(Records to use begins)
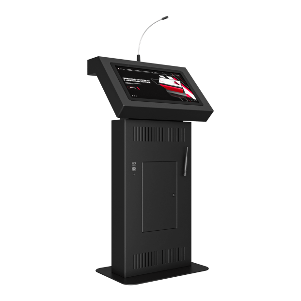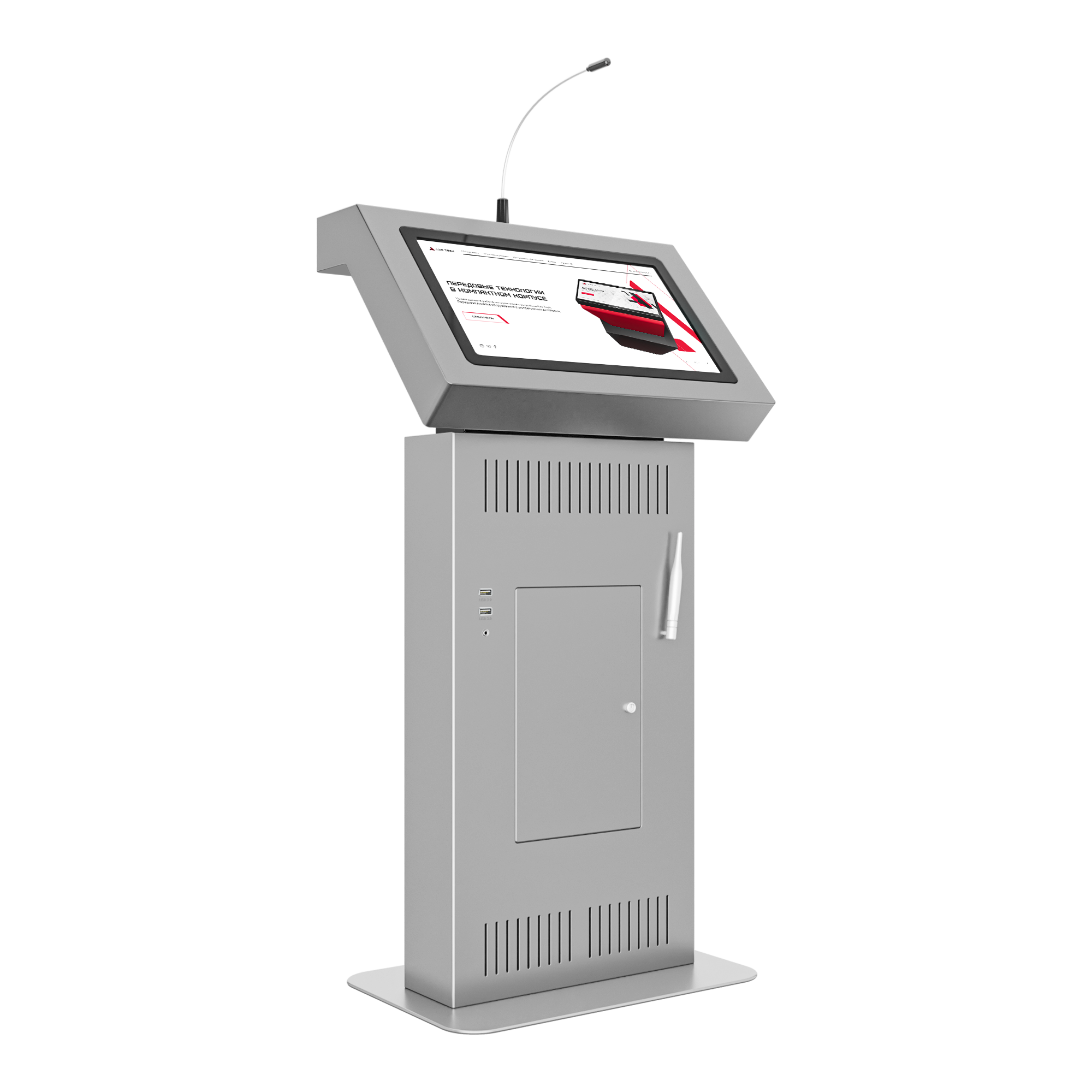 Сенсорное оборудование для проведения лекций, форумов, бизнес-конференций. Интерактивная трибуна Voice позволяет работать с любыми приложениями, текстовыми, аудио- и видеофайлами. Создавать пометки на мониторе устройства для демонстрации на большом экране. Профессиональный микрофон, яркий экран, вешние разъемы неотъемлемые составляющие данной модели.
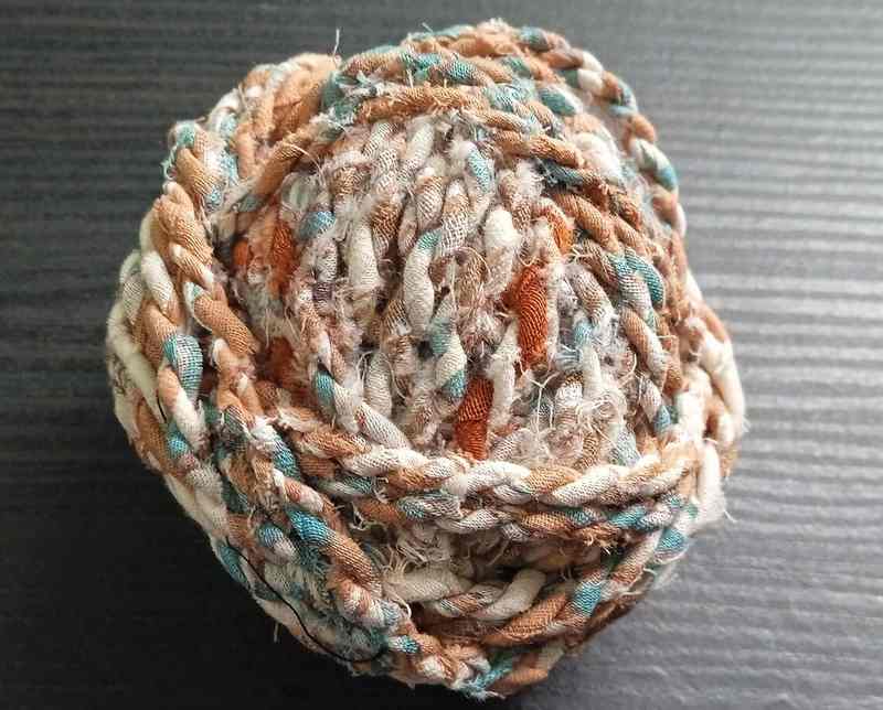 You will love this Neutral Rag Rope! This beige, blue, brown and white variegated twine is made by me using muslin cotton fabric ribbons. I sell new( not recycled) sari fabric by the yard in my shop. I end up with loads of small fabric scraps in the end. I recycle those scraps to make different things, one of which is this twine/ yarn.
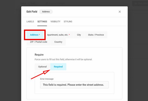 Underneath the Settings tab, mark all the address subfields as required since they’re essential to ship the product.
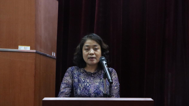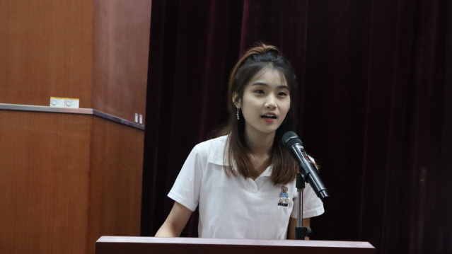 在校生代表社工1902班王亚茹祝愿学长学姐们前程似锦,向学长学姐们曾经提供的帮助表示衷心感谢,将会以他们为榜样,努力成长进步。
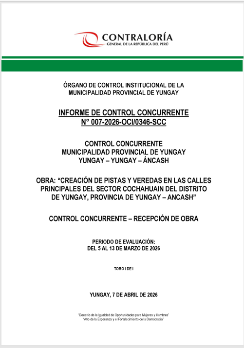 Según el Informe de Control Concurrente N.° 007-2026-OCI/0346-SCC, el comité de recepción de la comuna aprobó la obra el pasado 6 de marzo de 2026 sin observaciones, pese a que la comisión de control detectó múltiples fallas físicas y constructivas durante inspecciones realizadas entre el 5 y 13 de marzo.
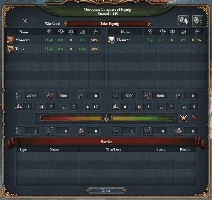 正直国力差から言って独力で楽勝なのだが、チュニジアに便乗参戦されて勝手に領土を切り取られるのが嫌だったので、領土を割譲する約束をしてチュニジアも誘った。
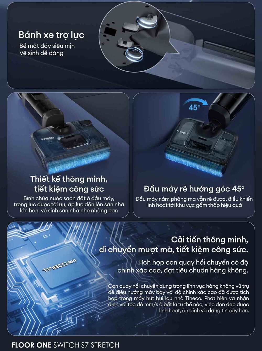 Tineco trang bị cho sản phẩm Tineco Floor One Switch S7 cảm biến con quay hồi chuyển – công nghệ thường được sử dụng trong hàng không vũ trụ – giúp máy phát hiện chuyển động ở cấp độ mm/s, điều hướng chính xác và ổn định hơn trong mọi tư thế.
(Records to use ends)
# Exercise requirements
The expected result is every record above, word for word, with no pictures in it.

# Answer to this problem
 Сенсорное оборудование для проведения лекций, форумов, бизнес-конференций. Интерактивная трибуна Voice позволяет работать с любыми приложениями, текстовыми, аудио- и видеофайлами. Создавать пометки на мониторе устройства для демонстрации на большом экране. Профессиональный микрофон, яркий экран, вешние разъемы неотъемлемые составляющие данной модели.
 You will love this Neutral Rag Rope! This beige, blue, brown and white variegated twine is made by me using muslin cotton fabric ribbons. I sell new( not recycled) sari fabric by the yard in my shop. I end up with loads of small fabric scraps in the end. I recycle those scraps to make different things, one of which is this twine/ yarn.
 Underneath the Settings tab, mark all the address subfields as required since they’re essential to ship the product.
 在校生代表社工1902班王亚茹祝愿学长学姐们前程似锦,向学长学姐们曾经提供的帮助表示衷心感谢,将会以他们为榜样,努力成长进步。
 Según el Informe de Control Concurrente N.° 007-2026-OCI/0346-SCC, el comité de recepción de la comuna aprobó la obra el pasado 6 de marzo de 2026 sin observaciones, pese a que la comisión de control detectó múltiples fallas físicas y constructivas durante inspecciones realizadas entre el 5 y 13 de marzo.
 正直国力差から言って独力で楽勝なのだが、チュニジアに便乗参戦されて勝手に領土を切り取られるのが嫌だったので、領土を割譲する約束をしてチュニジアも誘った。
 Tineco trang bị cho sản phẩm Tineco Floor One Switch S7 cảm biến con quay hồi chuyển – công nghệ thường được sử dụng trong hàng không vũ trụ – giúp máy phát hiện chuyển động ở cấp độ mm/s, điều hướng chính xác và ổn định hơn trong mọi tư thế.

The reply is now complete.